Dossier : IMM-7135-21

Référence : 2022 CF 1428

[TRADUCTION FRANÇAISE]

Ottawa (Ontario), le 19 octobre 2022

En présence de madame la juge en chef adjointe Gagné

ENTRE :

MARY EBIERIN IRIAFE

demanderesse

et

LE MINISTRE DE LA CITOYENNETÉ ET DE L’IMMIGRATION

défendeur

JUGEMENT ET MOTIFS

[1] La demande d’asile au Canada de Mme Mary Ebierin Iriafe était pendante lorsque cette dernière a présenté une demande de résidence permanente au titre de la Politique d’intérêt public temporaire visant à faciliter l’octroi de la résidence permanente pour certains demandeurs d’asile qui travaillent dans le secteur de la santé durant la pandémie de COVID-19 [le programme offrant une voie d’accès]. Sa demande au titre du programme offrant une voie d’accès a été rejetée par un agent d’Immigration, Réfugiés et Citoyenneté Canada (IRCC) au motif que son stage non rémunéré à la Résidence Snowdon de Montréal ne répondait pas aux exigences du programme puisqu’il n’était pas offert par un [TRADUCTION] « collège privé d’enseignement professionnel accrédité ».

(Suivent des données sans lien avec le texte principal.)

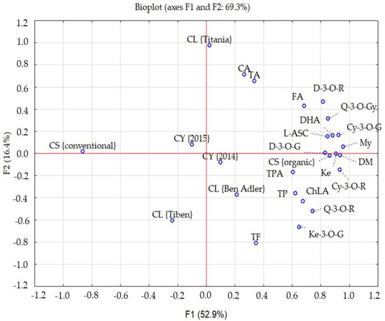 PCA analysis showing the relationship between the chemical composition—total polyphenols (TP), total phenolic acids (TPA), chlorogenic acid (ChLA), caffeic acid (CA), quercetin-3-O-glycoside (Q-3-O-Gy), ferulic acid (FA), total flavonoids (TF), kaempferol-3-O-glycoside (Ke-3-O-G), quercetin-3-O-rutinoside (Q-3-O-R), myricetin (My), kaempferol (Ke), total anthocyanins (TA), quercetin-3-O-glucoside (Q-3-O-G), cyanidin-3-O-rutinoside (Cy-3-O-R), delphinidin-3-O-rutinoside (D-3-O-R), cyanidin-3-O-glycoside (Cy-3-O-G) and delphinidin-3-O-glucoside (D-3-O-G), in to experimental cultivation year (CY), cultivar (CL) and agronomic system (AS).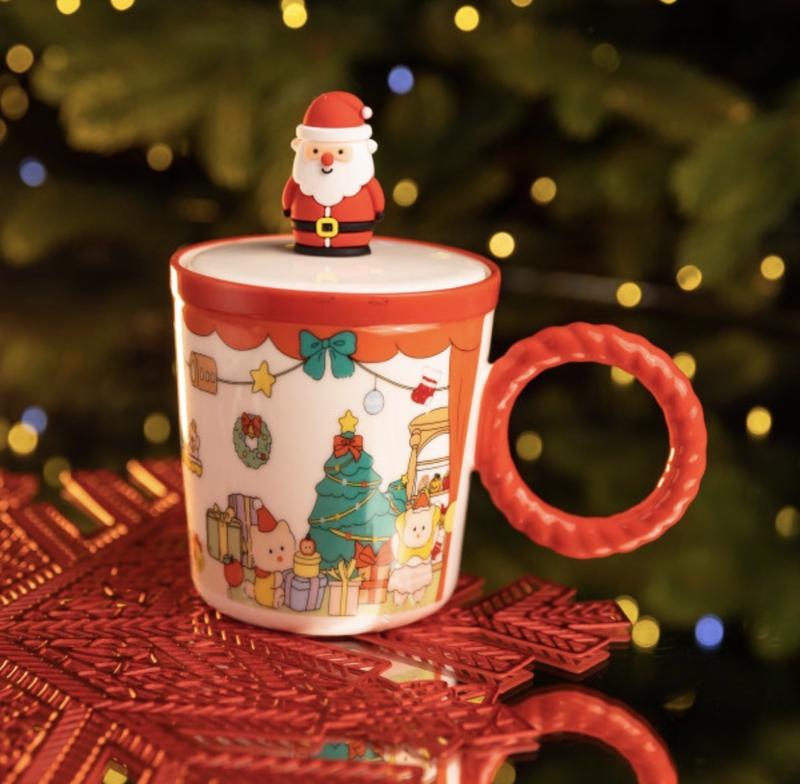 Порцелянова чашка об'ємом 400 мл привертає увагу завдяки сезонному дизайну з новорічними мотивами. На зовнішній поверхні розміщено ілюстрації ялинки, подарунків, святкових вінків і персонажів у тематичному вбранні. Червоний рельєфний обідок і ручка, що нагадує скручену мотузку, створюють візуальний акцент, а біла порцелянова кришка з фігуркою Санти завершує композицію. Форма чашки звужується донизу: верхній діаметр становить 9 см, нижній — 7 см, що забезпечує зручне тримання. Висота виробу — 13 см, вага — 500 г, що робить її стійкою на поверхні. Кришка щільно прилягає, зберігаючи тепло напою, а фігурка на ній виконує декоративну функцію. Матеріал — гладка порцеляна без додаткових покриттів, придатна для щоденного використання. Чашка постачається в подарунковій коробці, що спрощує її презентацію як сезонного подарунка або товару для святкових вітрин. Завдяки чітко окресленим характеристикам і тематичному оформленню, вона підходить для зимових колекцій або корпоративних подарунків в період новорічних свят. Характеристики: Тип: чашка з кришкою Матеріал: порцеляна Об’єм: 400 мл Верхній діаметр: 9 см Нижній діаметр: 7 см Висота: 13 см Вага: 500 г Кришка: порцелянова, з фігуркою Санти Упаковка: подарункова коробка Дизайн: новорічний, з ілюстраціями ялинки, подарунків, персонажів, червоним обідком і ручкою

[2] Selon le programme offrant une voie d’accès, l’étranger doit offrir des soins directs aux patients pendant des périodes minimales définies :

A travaillé au Canada dans une ou plusieurs professions désignées (voir l’annexe A) où l’étranger offrait des soins directs aux patients dans un hôpital, un établissement de soins de longue durée ou un foyer avec services public ou privé, ou encore pour un organisme où l’étranger offrait des services de soins de santé aux aînés à domicile ou en établissement ou aux personnes handicapées dans des résidences privées :

Ÿ pendant au moins 120 heures (équivalant à quatre semaines à temps plein) entre le 13 mars 2020 (date de publication des conseils aux voyageurs canadiens) et le 14 août 2020 (date de l’annonce de la politique d’intérêt public);

Ÿ pendant au moins six mois à temps plein (30 heures par semaine) ou 750 heures (s’il s’agissait d’un emploi à temps partiel) d’expérience au total (acquise au plus tard le 31 août 2021);

Ÿ pour plus de précision, les périodes de travail dans une profession désignée doivent être payées sauf si le demandeur effectuait un stage considéré comme une partie essentielle d’un programme de niveau postsecondaire ou d’une formation professionnelle dans le cadre d’un emploi dans une des professions désignées ou si le demandeur a effectué un stage dans une des professions désignées requis par un ordre professionnel.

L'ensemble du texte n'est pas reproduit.